It's not uncommon to hear people telling us that new drugs cost a lot per treatment. Therefore that drug development system is broken. The truth being that it's all rather more complex than that. Or even simpler. The drugs we're developing treat ever fewer numbers of people as we move down the list of problems to be solved. Thus the costs of the development need to be carried by ever fewer treatments. The cost per treatment is thus, whatever our financing system, going to be higher.
There is no way out of this, no way at all.
The treatment called CAR-T therapy - has been hailed by scientists as one of the most significant breakthoughs in cancer for decades.
It works by taking a patient’s own white blood cells, and re-engineering them to fight cancer, , before re-injecting them into the body, where they multiply.
Some studies have found that up to nine in ten patients with little hope of survival went into remission after being given such therapy.
The deal struck between Novartis and the NHS is one of the fastest funding approvals in the history of the NHS, and comes 10 days since the drug was licensed for use in Europe.
The treatment would cost a patient around £280,000 privately....
£280k is a fair chunk of change in anyone's money. But why so much?

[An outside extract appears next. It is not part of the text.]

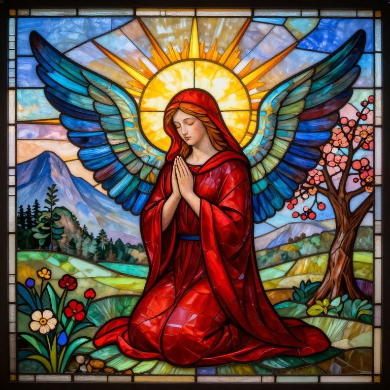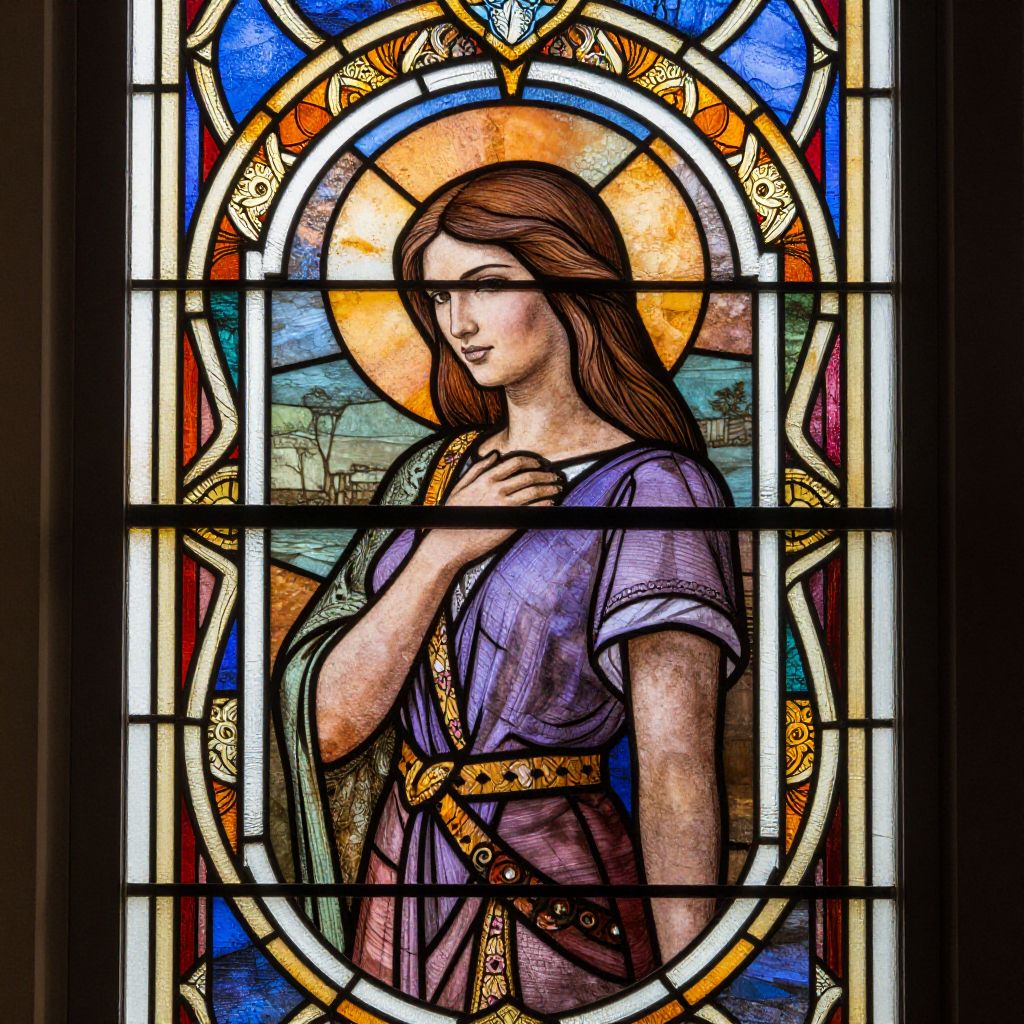 A stained glass window featuring a woman with long hair, surrounded by intricate patterns and vibrant colors.

Around 30 children a year are expected to be given the CAR-T treatment
It's possible to argue - whether we include the opportunity costs of capital for example - but the development of a new drug through to approval costs some $800 million to $2 billion. The current funding system means that the developer has some 10 years after approval of patent protection to try and get that back. The fewer people the drug is given to the more each treatment will cost to try to recoup.
But note that this problem doesn't go away if we change the funding system. It still costs that $2 billion to develop a drug. The cost per treatment is therefore higher, to recoup that investment, however and whoever pays for the development. Even if it's all just tax funded the taxpayer is still spending $2 billion to treat 30 people a year (yes, obviously, the development is one once globally but still the logic stands).
The expense of new drugs is about the expense of developing new drugs. Changing who or how pays doesn't change that in the slightest.